* _RECORDS FOR THIS TASK_:

# # # # # # #

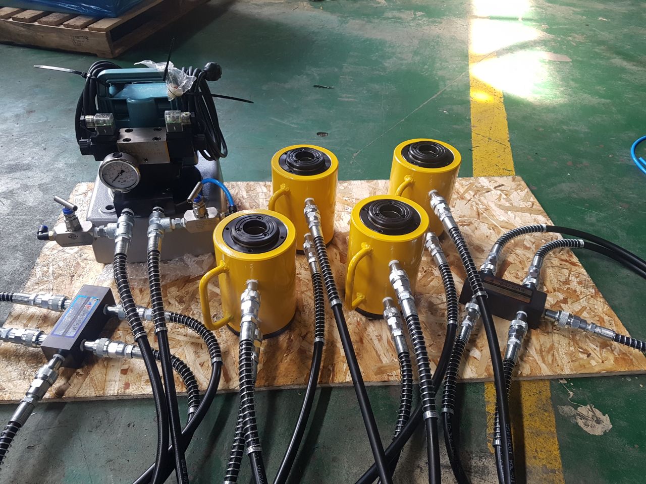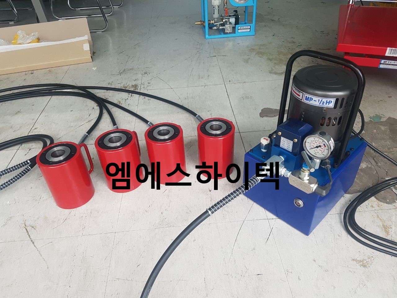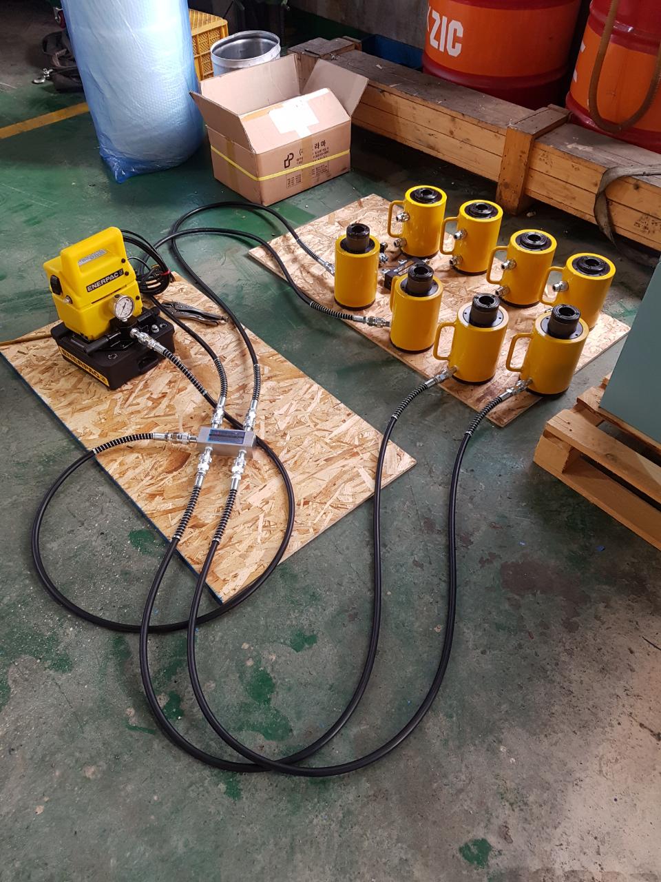 센터홀 실린더 스틸 30TON X 60ST (41파이) 제작 사양 전동펌프 1/2HP + 드레인 밸브 부착
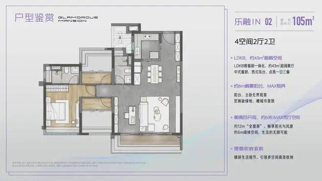 极致的空间扩容——项目首推建面约75㎡三房两卫、82㎡三房两卫、105㎡四房两卫,采用LDKB设计理念,即Living(客厅)、Dining(餐厅)、Kitchen(厨房)和Balcony(阳台)一体化设计,实现了空间的最大化利用。此外,通过“魔法空间”等设计手法,进一步增强了空间的功能性和灵活性,满足不同家庭的需求。
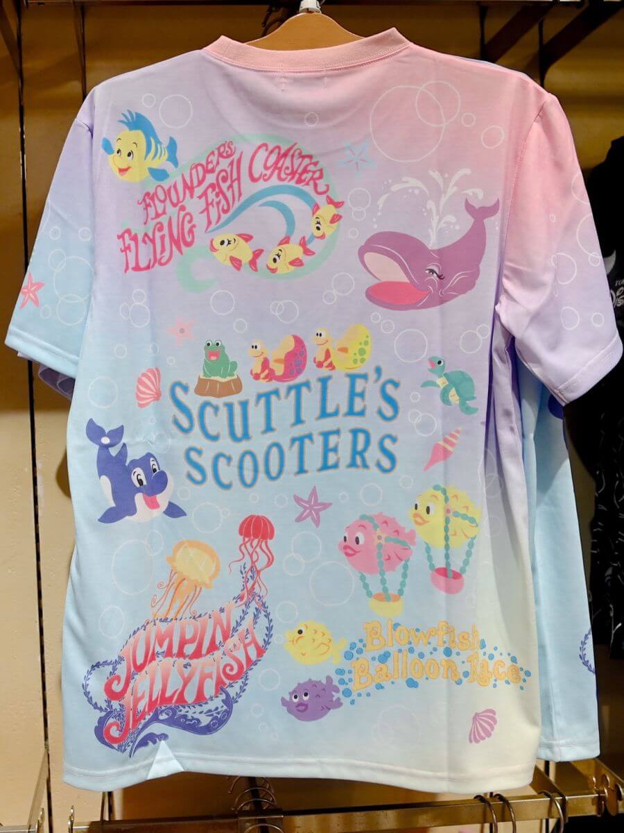 「フランダーのフライングフィッシュコースター」、ショップを営むクジラ、「アリエルのプレイグラウンド」のイルカ、「スカットルのスクーター」、「ジャンピン・ジェリーフィッシュ」「ブローフィシュ・バルーンレース」がデザインされています。
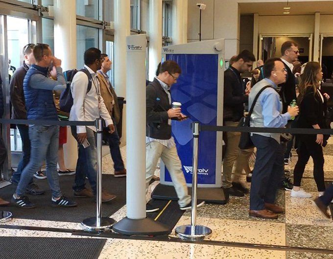 The system screens up to 3,600 people per hour (60 per minute), eliminating any bottlenecks at points of entry. Unlike legacy metal detectors, wands, and pat downs, the system can intelligently distinguish between threats and everyday items like a mobile phones, coins or keys.
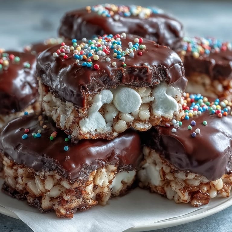 Stirring half a teaspoon of vanilla extract into the melted marshmallows adds a warm, bakery-like aroma that fills your kitchen and deepens the overall sweetness. You can also swap semisweet chocolate for white chocolate and use pastel sprinkles for a springtime or Easter version that looks delicate and tastes surprisingly rich. If you want a grown-up twist, try dark chocolate with a pinch of flaky sea salt on top instead of sprinkles—it's elegant, a little salty-sweet, and perfect for dinner parties.
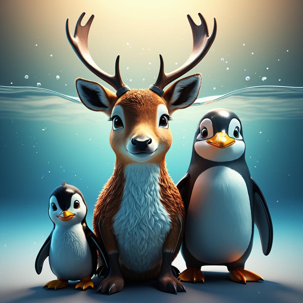 Translucent a cartoon portrait with three characters: a sneaky male raccoon, a proud mum moose, and a little boy turtle. Portrait, chiaroscuro, holy cinematic lighting, 3D, C4D, blender, gradient background, octane rendering.
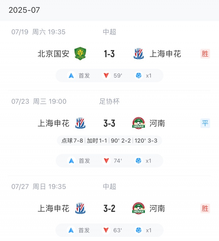 07月27日讯 本日中超第18轮,申花3-2校服河南,现在6分领跑积分榜。新援阿苏埃施展拉风,本场再获一粒进球,加盟中超于今仅出场3场比赛,为申花3场比赛获得场均1粒进球。
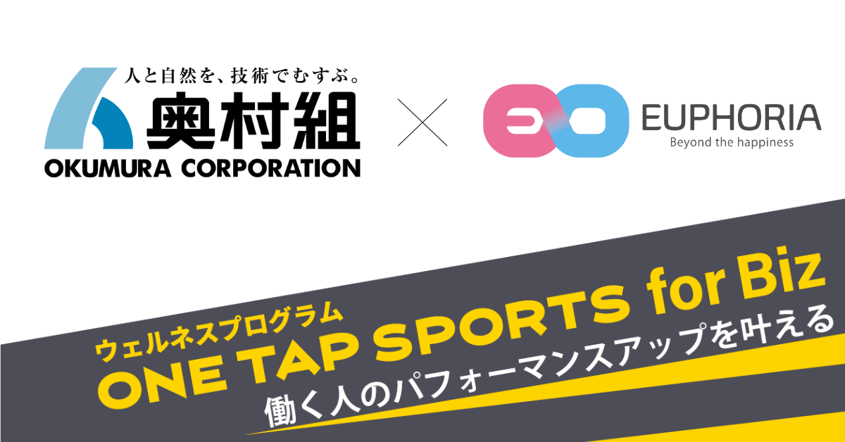 このような課題に対し労働災害予防の観点から、奥村組では建設現場で従事する社員および協力会社の建設作業員の皆さまの安全・健康を守るプロジェクトを開始しました。そこで、アスリートのコンディショニングに長年向き合ってきたユーフォリアがタッグを組み、コンディショニングノウハウを生かした健康経営プログラム「ONE TAP SPORTS for Biz」を、奥村組の建設作業現場に導入いただくこととなりました。まずは、建設作業員の熱中症リスクを低減するためのコンディショニングに取り組んでまいります。

# # # # # # #

* _TASK TO CARRY OUT_: Set the lines down exactly as they stand, from the one containing "Stirring half a" through the end of the listing, omitting every picture.

* _TASK ANSWER_:
 Stirring half a teaspoon of vanilla extract into the melted marshmallows adds a warm, bakery-like aroma that fills your kitchen and deepens the overall sweetness. You can also swap semisweet chocolate for white chocolate and use pastel sprinkles for a springtime or Easter version that looks delicate and tastes surprisingly rich. If you want a grown-up twist, try dark chocolate with a pinch of flaky sea salt on top instead of sprinkles—it's elegant, a little salty-sweet, and perfect for dinner parties.
 Translucent a cartoon portrait with three characters: a sneaky male raccoon, a proud mum moose, and a little boy turtle. Portrait, chiaroscuro, holy cinematic lighting, 3D, C4D, blender, gradient background, octane rendering.
 07月27日讯 本日中超第18轮,申花3-2校服河南,现在6分领跑积分榜。新援阿苏埃施展拉风,本场再获一粒进球,加盟中超于今仅出场3场比赛,为申花3场比赛获得场均1粒进球。
 このような課題に対し労働災害予防の観点から、奥村組では建設現場で従事する社員および協力会社の建設作業員の皆さまの安全・健康を守るプロジェクトを開始しました。そこで、アスリートのコンディショニングに長年向き合ってきたユーフォリアがタッグを組み、コンディショニングノウハウを生かした健康経営プログラム「ONE TAP SPORTS for Biz」を、奥村組の建設作業現場に導入いただくこととなりました。まずは、建設作業員の熱中症リスクを低減するためのコンディショニングに取り組んでまいります。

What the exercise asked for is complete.